Configuration configuration = new Configuration();

    configuration.configure();

ServiceRegistry serviceRegistry = new StandardServiceRegistryBuilder()
                .applySettings(configuration.getProperties()).build();

    SessionFactory sessionFactory = configuration.buildSessionFactory(serviceRegistry);

    Session session = sessionFactory.openSession();

    session.beginTransaction();

    Criteria criteria = session.createCriteria(User.class);

    criteria.add(Restrictions.like("name", "user_1%"));

    criteria.setProjection(Projections.property("id"));

    List<Integer> ids = (List<Integer>) criteria.list();

    for (int i : ids) {

      System.out.println(i);

    }

    session.getTransaction().commit();

 

Similarly, you can use projection for aggregate function as:

Configuration configuration = new Configuration();

    configuration.configure();

    ServiceRegistry serviceRegistry = new StandardServiceRegistryBuilder()
                .applySettings(configuration.getProperties()).build();

    SessionFactory sessionFactory = configuration.buildSessionFactory(serviceRegistry);

    Session session = sessionFactory.openSession();

    session.beginTransaction();

    Criteria criteria = session.createCriteria(User.class);

    criteria.add(Restrictions.like("name", "user_1%"));

    criteria.setProjection(Projections.max("id"));

    List<Integer> ids = (List<Integer>) criteria.list();

    for (int i : ids) {

      System.out.println(i);

    }

    session.getTransaction().commit();

Note that even for aggregate functions, you will still get a list like before.

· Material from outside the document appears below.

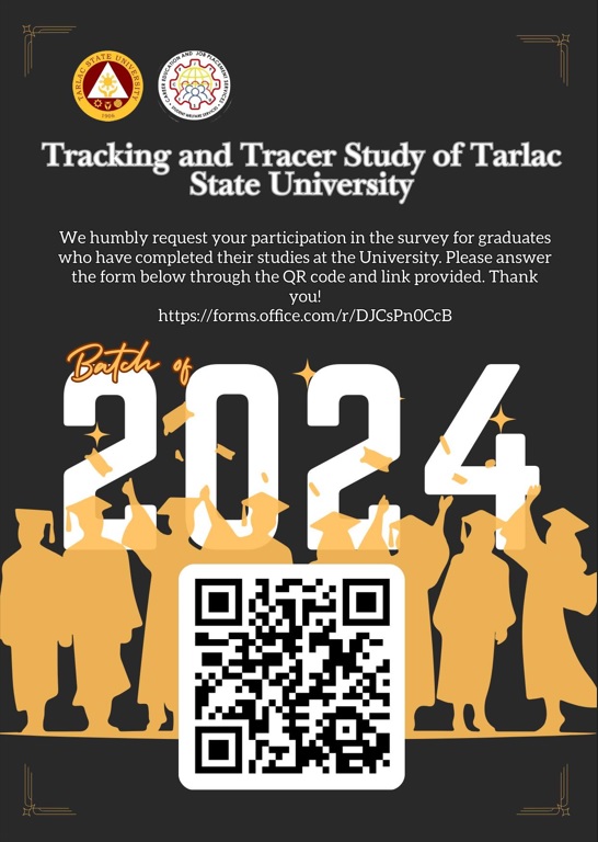 Your alma mater, Tarlac State University (TSU), invites you to take part in our 2024 Graduate Tracer Survey.

Projections class has similar methods for almost all aggregate functions.

 

Through the examples here, we have seen the usages for most commonly used features along with example code. You now have the basic setup and enough code examples to get started. Try out more examples and ask any doubts you might come across.  I usually use these notes during my class room or online trainings. Also, I avoid lot of extra explanations like test books is because, I would like to treat these notes as a quick reference which you can come back and check when you need something like a syntax. And during that time, many people would like to just get the answers than going through all the explanations.  Still, if you find short of explanation for any area, please do let me know and I will try to add more details.